In a new study published in Cell titled, “Hyperinnervation inhibits organ-level regeneration in mammalian skin,” researchers from Harvard University reveal a method to fully regenerate skin by unblocking an embryonic healing mechanism that shuts off after birth. Demonstrated in mice, the study suggests a potential means to develop similar therapies in human patients.
“Essentially, we found a way to make wound healing outcome a lot better by learning how embryos do this so well,” said Ya-Chieh Hsu, PhD, professor of stem cell and regenerative biology at Harvard Stem Cell Institute and corresponding author of the study. “I’m excited because we pushed the needle in a really important direction. When we have a wound, most skin cell types cannot regenerate and we get a scar. But now I think we’ve found a way to change that, so that many cell types can regenerate and we don’t get a scar.”
After injury, epidermal stem cells reseal the surface and fibroblasts deposit dense collagen scar tissue. However, skin also contains an array of additional cells that fail to regenerate leading to scarred skin. These cells include hair follicles, vascular and lymphatic vessels, sweat glands, pigment cells, immune cells, fat cells, and nerves.
After injury, embryonic skin restores all cell types but this ability fades quickly after birth. The study reveals the molecular mechanisms behind this switch and how to trigger reactivation.
“Our findings suggest that some organs retain an inherent regenerative potential that is simply held in check—and that removing this block may be sufficient to allow regeneration to occur,” Hsu said. “In other words, regeneration may not need to be built anew, but simply set free.”
The new findings culminated five years of research by lead author Hannah Tam, PhD, a graduate of the Harvard Kenneth C. Griffin Graduate School of Arts and Sciences in the biological and biomedical sciences program at Harvard Medical School.
To investigate wound healing, Tam compared how the organ regenerated in embryonic mice and postnatal mice at several timepoints. The team found that the ability to regenerate skin steadily decreased in the days after birth. The most dramatic shift occurred within a tight eight day window, from three days before birth to five days after birth.
In mice wounded three days before birth, the skin regenerated diverse cell types and closely resembled unwounded skin. However, wound sites five days after birth were covered by epithelial cells, packed with collagen scar tissue and abnormally dense nerve fibers and immune cells. Many other skin cell types failed to regrow.
The authors found that postnatal wound sites became densely packed with nerves. This “hyperinnervation” occurs because fibroblasts in postnatal wounds upregulate the gene Cxcl12, which recruits excessive nerves to the injury site and impairs the regrowth of other skin cell types.
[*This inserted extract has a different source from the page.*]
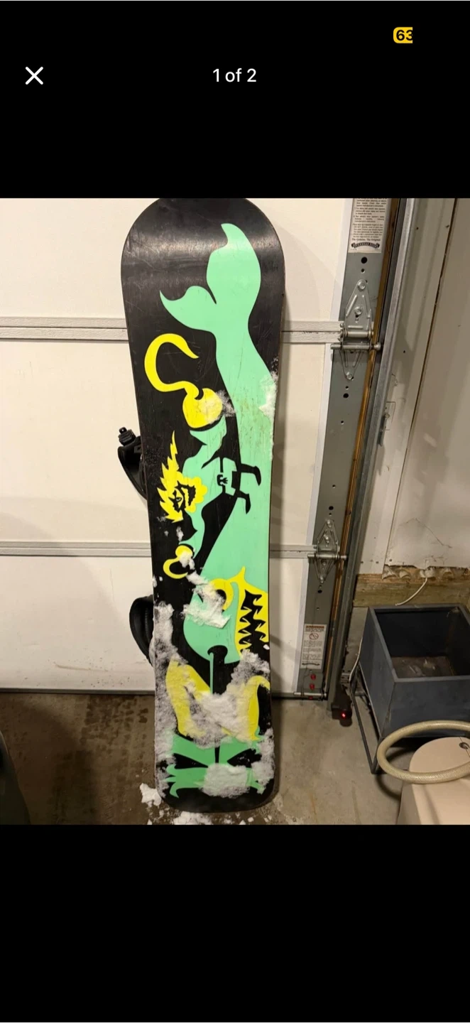 This is a 139cm snow snowboard with no bindings included. It features a colourful graphic design on the bottom, k2 snowboard. Good for beginners. Reason for sale- upgraded to a new one.

Depleting Cxcl12 in wounds in postnatal mice curtailed hyperinnervation and the skin regrew diverse cell types. Blocking local nerve signaling with botulinum toxin A (Botox) produced similar effects.
Tam said the team “hit a wall” midway through their research because they assumed the regeneration process somehow involved immune cells. They soon discovered that the signaling behind the hyperinnervation could be switched off to restore full skin regeneration.
Tam explained that the block is through the fibroblast-nerve interaction. “The relationship between those two different cell types has not been the focus in wound healing studies,” she said. “I feel that this is very helpful to the field, because now we can really consider these two as actual communicators.”
Before the study, Hsu expected that the key to wound healing would be recreating a series of “regeneration-promoting factors” to mimic embryonic healing. The solution turned out to be simpler.
“I didn’t think that we’d have to retract a brake, which actually is good news—it’s a lot easier,” Tam said. “It gives me hope that this might be applicable to improving wound healing in humans.”